Retirees tempted to invest in emerging market equities should know that the sector is lower today than at its fall 2007 pre-financial crisis top.

That’s crucial information because it illustrates how long emerging market stocks can take to recover from a major decline. Since retirees need to withdraw money from their retirement portfolios every year, they can ill afford an investment that stays underwater for long periods.

This is especially important to keep in mind now, since some financial advisers believe that emerging markets are the only category of global equities that will produce a significant return above inflation over the coming decade. GMO, for example, the well-known Boston-based money management firm, projects that the S&P 500 SPX, -0.55%  over the next 7 years will produce an inflation-adjusted annualized loss of 5.6%, versus a 1.0% gain for emerging market equities.

Research Affiliates, the Newport Beach, Calif.-based firm founded by Robert Arnott, paints a similar picture. It is projecting that emerging market equities will produce a 5.7% real, annualized return over the next decade, versus just 0.1% for the S&P 500.

These projections make it hard for some retirees to resist allocating a chunk of their equity allocation to emerging market equities, especially in light of recent news stories trumpeting emerging market ETFs that are “blowing away the competition.”

A very long bear market recovery time is just one of the reasons retirees might want to think twice before succumbing to that temptation, however. Several of these other risks were recently enumerated by none other than GMO, which might seem paradoxical given that the firm is also projecting that emerging market equities will be the only stock market game in town for the next seven years.
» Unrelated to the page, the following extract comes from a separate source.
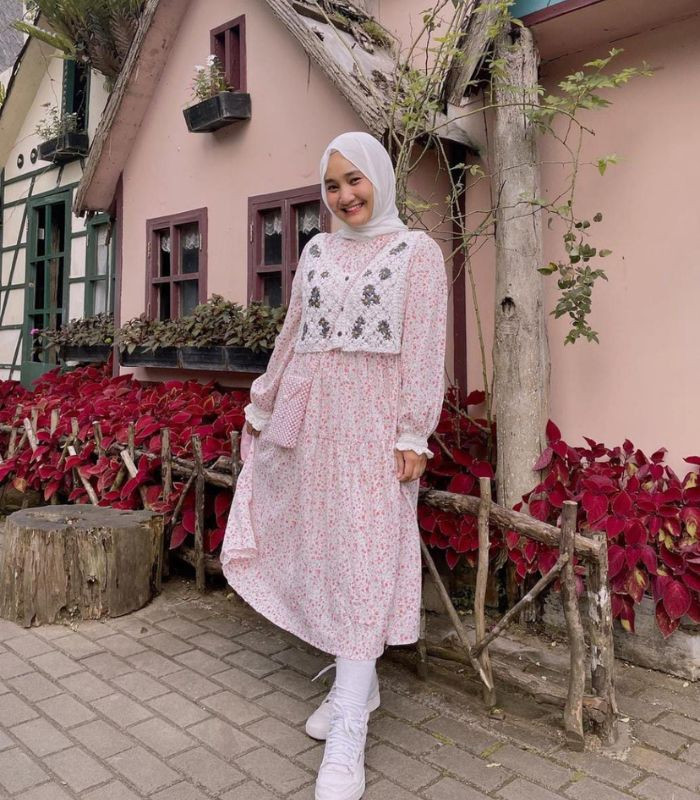 10. Terakhir, outfit yang memberikan kesan anggun yang menawan! Fatin menggabungkan dress bermotif floral dibalut knit vest berwarna serba putih yang senada dengan hijab pashmina serta legging pants dan sneakers. Terlihat gayanya seperti ala eonnie Korea yang bisa banget Anda tiru!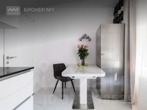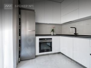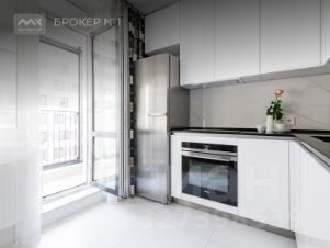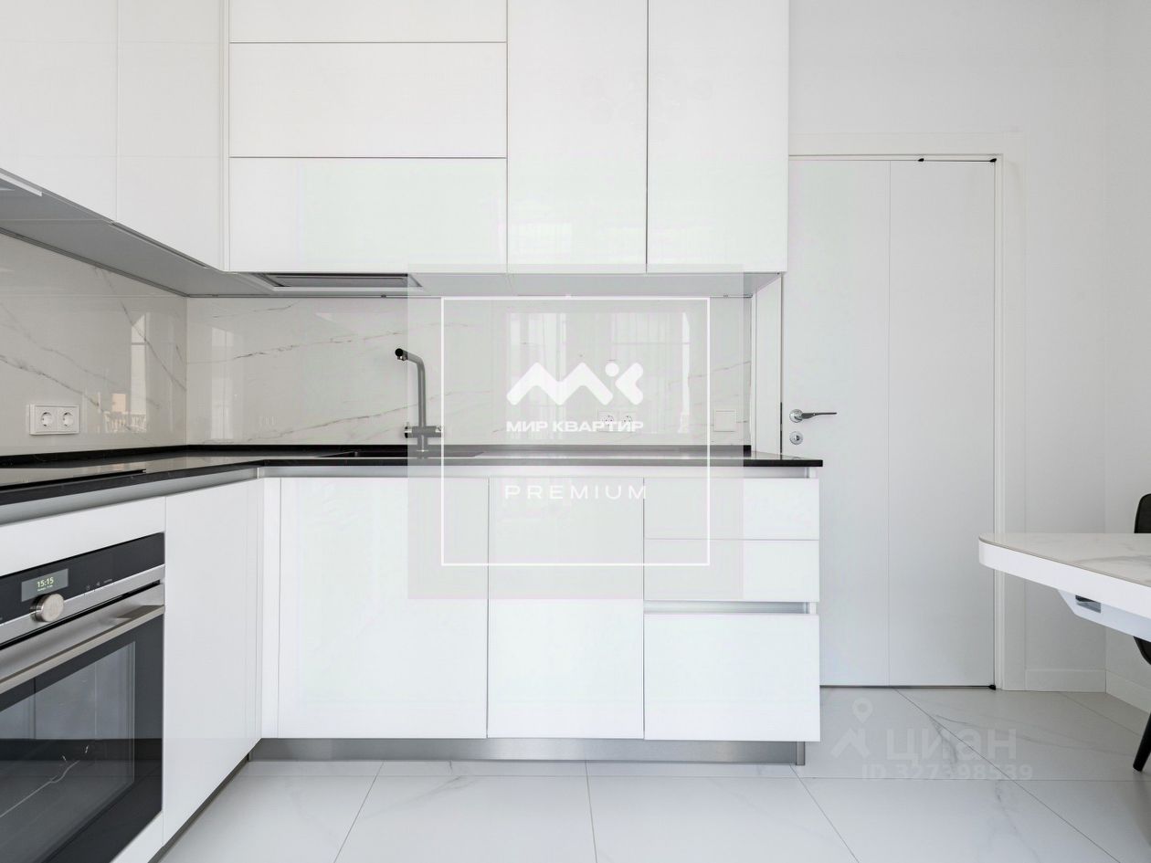 На кухне расположен гарнитур с белыми глянцевыми фасадами, столешницей из камня и встроенной техникой премиум-класса.

But the firm is to be commended for also recognizing that “there are more ways to lose money and make substantial errors investing in emerging markets than there are in developed markets.”
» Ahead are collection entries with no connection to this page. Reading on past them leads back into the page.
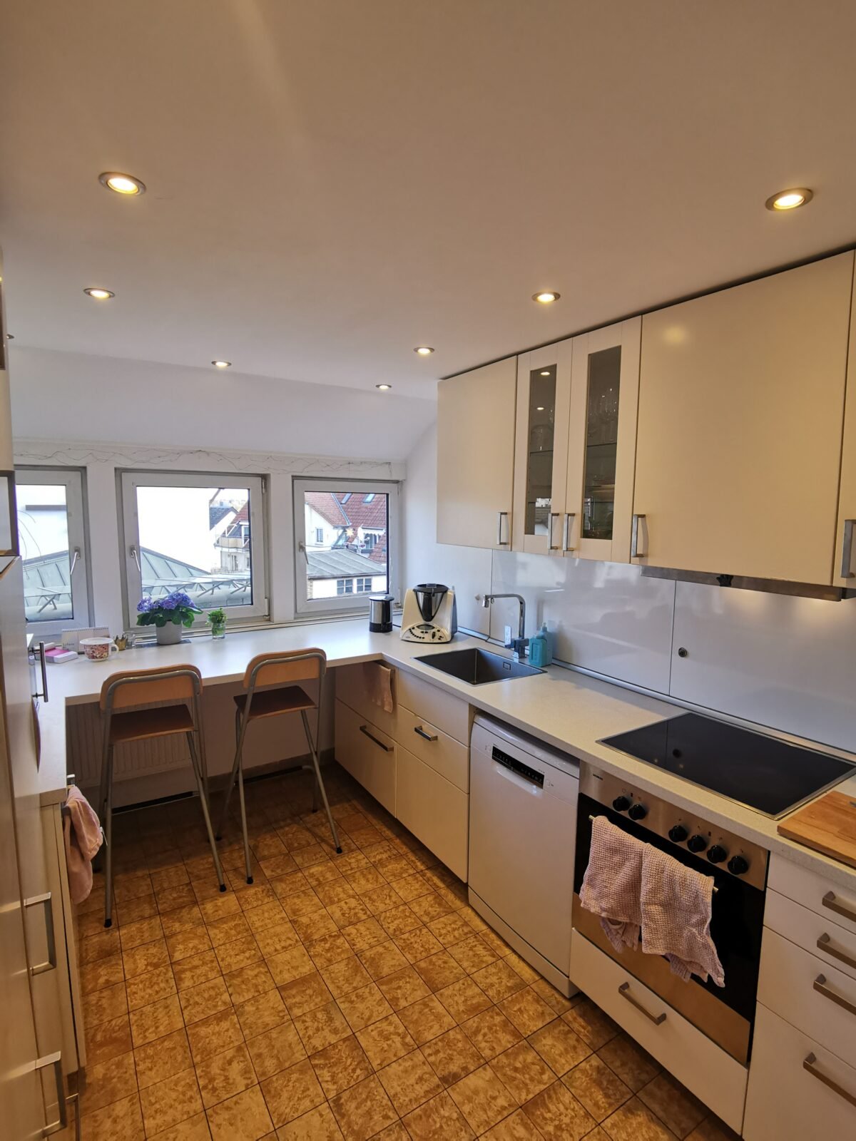 Die Wohnung hat ein großes Wohnzimmer, schöne Küche, Tageslichtbad mit Wanne und ein kleines Arbeits-/Hobbyzimmer. Sie liegt im Dachgeschoss. Im Innenhof gibt es eine Sitzmöglichkeit. Die Anbindung und Infrastruktur sind perfekt. Das frei werdende Zimmer hat 2 Fenster. Die Wohnung liegt in Zuffenhausen.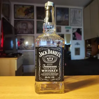 Bottiglia vuota di Jack Daniel's Tennessee Whiskey. - Etichetta Old No. 7 Brand con dettagli Tennessee Sour Mash Whiskey. - Capacità originale: 1 Litro. - Gradazione alcolica: 40% Vol.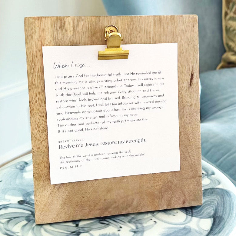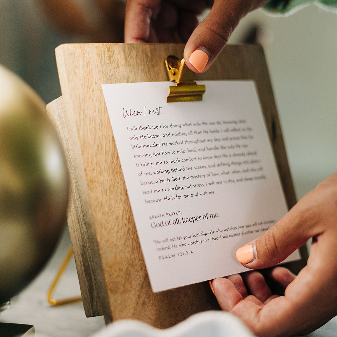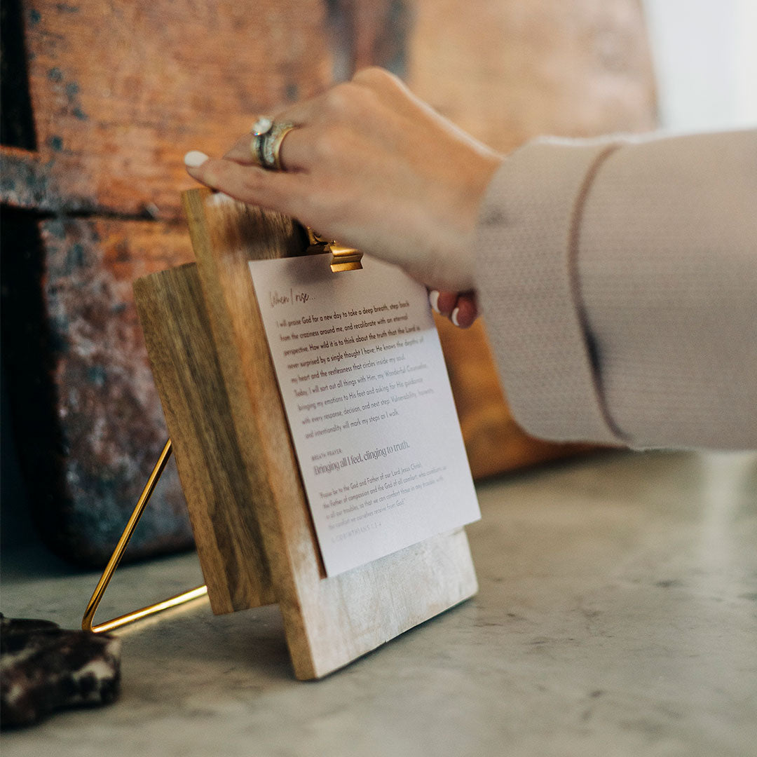 LWhat could change about your life if you prioritized getting before the feet of Jesus as your body prepared for the day and before you went to sleep? Before the world tells you what your headlines are, let His hope write them for your day. Before the world attempts to sing an anxious lullaby, let His kindness help you rest. This set contains 30 cards with a devotion, scripture, and breath prayer for each morning and evening. Devotion: Reflect on who Jesus is and who He will be today Scripture: Foundational truth to stand on (rise) and sleep on (rest) Breath Prayer: Activation language for your soul, easy to repeat throughout the day and in stressful moments Details: —Size: 5" x 5" —30 cards with devotions, scriptures, and breath prayer printed on the front and back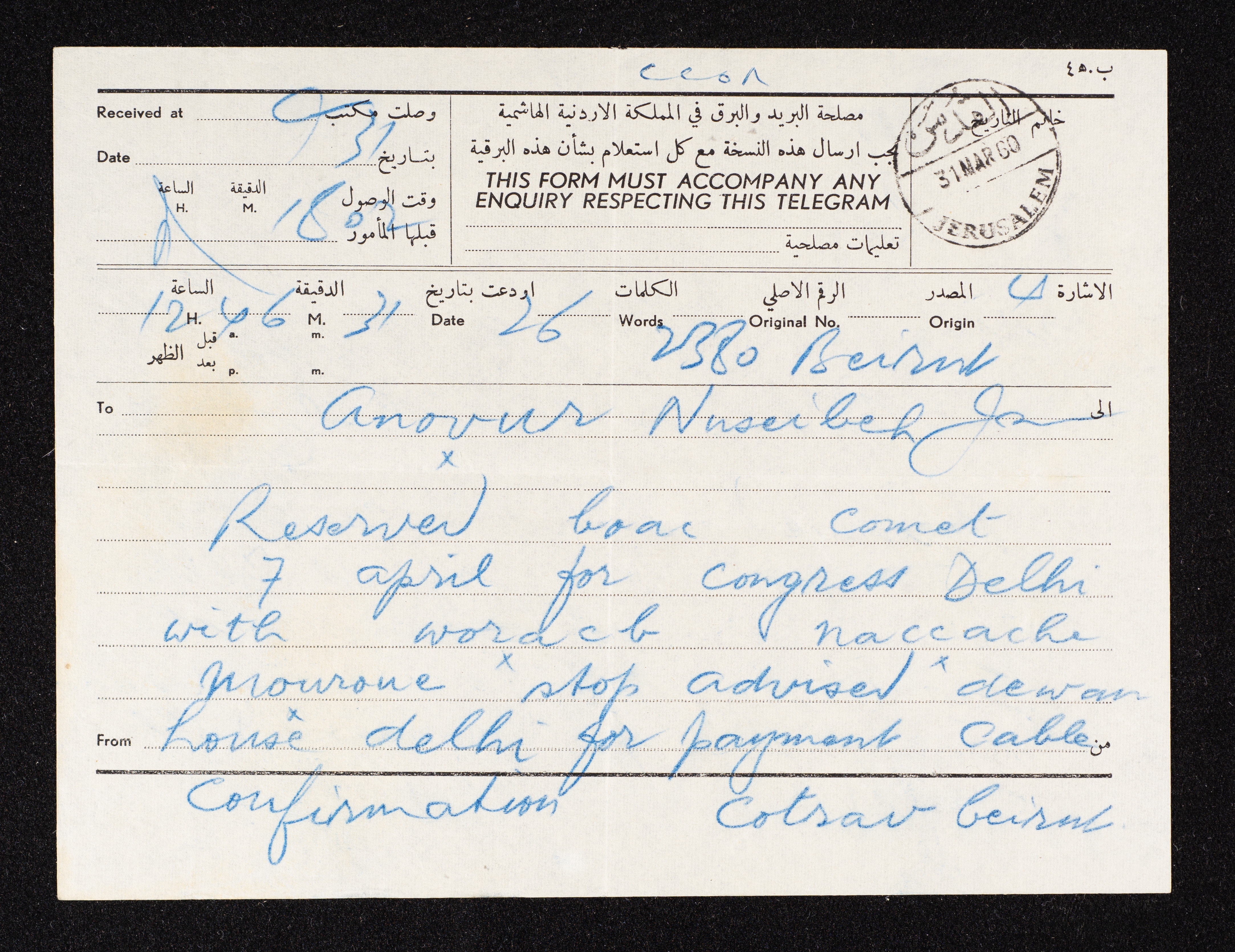 A Telegram by the Jordanian Department of Posts and Telegraphs for Anwar Nusseibeh, 31 March 1960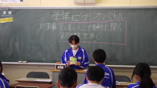 先日、各クラスの代表生徒がクラスを回り、学年ビブリオバトルを行いました。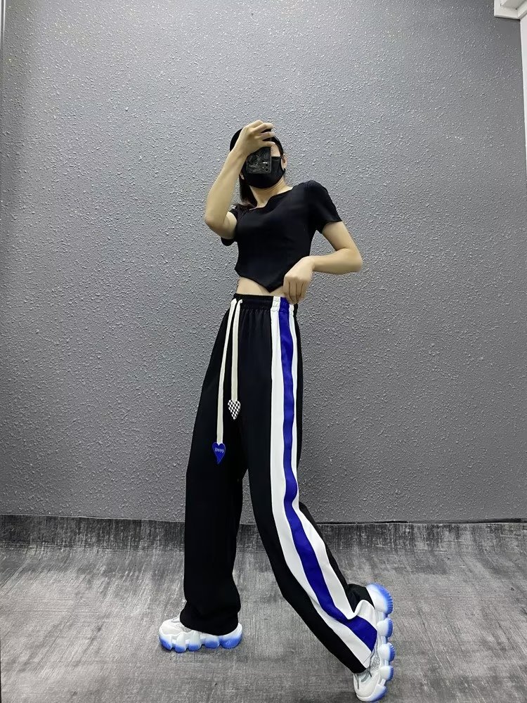 条纹休闲裤女 夏季薄款高腰宽松显瘦垂感直筒长裤阔腿裤子ins

Consider the odds that earnings per share will fall at least 20% in a year’s time—an earnings crash, if you will. GMO’s Amit Bhartia and Matt Seto calculate that, based on data back to 1995, there’s a 22% chance in any given 12-month period that EPS for the emerging market sector as a whole will experience such a decline.

In other words, assuming the future is like the past, there is a greater-than-one-in-five chance that aggregate emerging market EPS will fall by more than 20% in any given year. That is nearly three times greater than the comparable probability for EPS for the S&P 500.
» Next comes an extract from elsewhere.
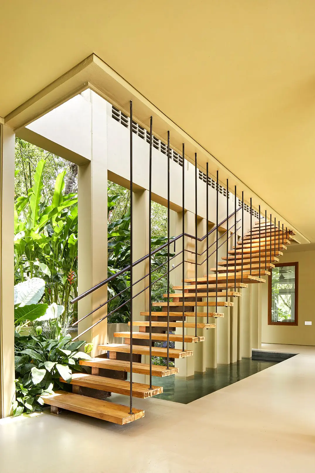 Así, las líneas rígidas de la arquitectura se apaciguan y hacen oda al encanto de este paisaje tropical. Se diría, pues, que este proyecto se fusiona con el lugar de emplazamiento para vivir en perfecta simbiosis con él. ν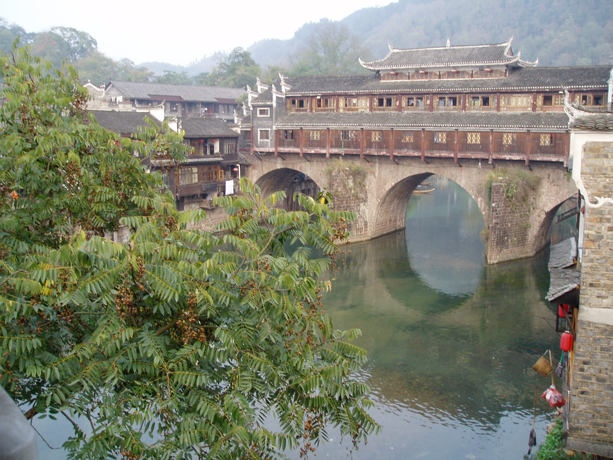 虹橋橫臥于沱江之上,風(fēng)雨樓以它的壯觀和俊美拔然而起,這其實(shí)就是成了一道重疊的風(fēng)景,這道風(fēng)景,由下而上、由古而今穿越著六百多年的歷史。 這座橋始建于明洪武初年,頗信風(fēng)水的鳳凰人都說,這座橋斬?cái)嗟氖且粭l龍頸,令一條巨龍身首異處。怪只怪那位和尚出生的安徽小子朱元璋,聽信一位從昆侖山開始追索一支龍脈,經(jīng)云貴高原來到五寨司城的陰陽先生的讒言,說這兒屏立南郊?xì)鈩?shì)非凡的南華山和與之一脈相承一頭扎入沱江的奇峰,就是他要尋找的龍頭。并由此推斷出總有一天這地方會(huì)有人出來問鼎中原,真命天子將出。那位朱皇帝豈能允許邊遠(yuǎn)的鳳凰有他潛在的對(duì)頭于是朱筆一勾,龍頸被斬,鳳凰風(fēng)水遭毀滅性破壞,鳳凰再也出不來皇帝了。

What are the odds of an EPS decline of any magnitude in any given 12-month period? They are 41%, or nearly half the time, on average, according to GMO. As the firm puts it, declines in index earnings “happen with alarming regularity in emerging markets.”

Why are emerging market equities so risky? There are numerous reasons, including:

•“The lack of institutional frameworks, poor-quality management, and greater vulnerability to the credit cycle,” as GMO puts it. A chilling example that we should never forget is India’s recent decision to remove 85% of its currency from circulation — overnight and without warning.

•There is relatively little stock market history from which to draw conclusions. China — one of the world’s largest economies, and which accounts for more than 30% of the MSCI Emerging Markets Index EEM, +0.04%   — didn’t issue its first stock until 1984. The Shanghai Stock Exchange wasn’t created until 1990. That means analysts have precious little data to analyze, making it even more speculative than it is anyway trying to extrapolate the past into the future.

•China’s dominance of the MSCI Emerging Markets Index also points to another risk: Index funds in this arena may not be as diversified as you think.

To adequately compensate retirees for this sector’s huge risk, emerging market equities would have to perform well — very, very well, in fact. And it’s not clear that they will — even if they live up to the 7- and 10-year projections from GMO and Research Affiliates. In other words, emerging market equities may outperform the S&P 500 in raw terms but still not beat it on a risk-adjusted basis.

If that is the case, and you want to increase your retirement portfolio’s risk, then you will be better off increasing your exposure to domestic stocks rather than investing in emerging market equities. You will make more money, relative to risk, than with emerging market stocks, or make just as money as emerging stocks but with less risk.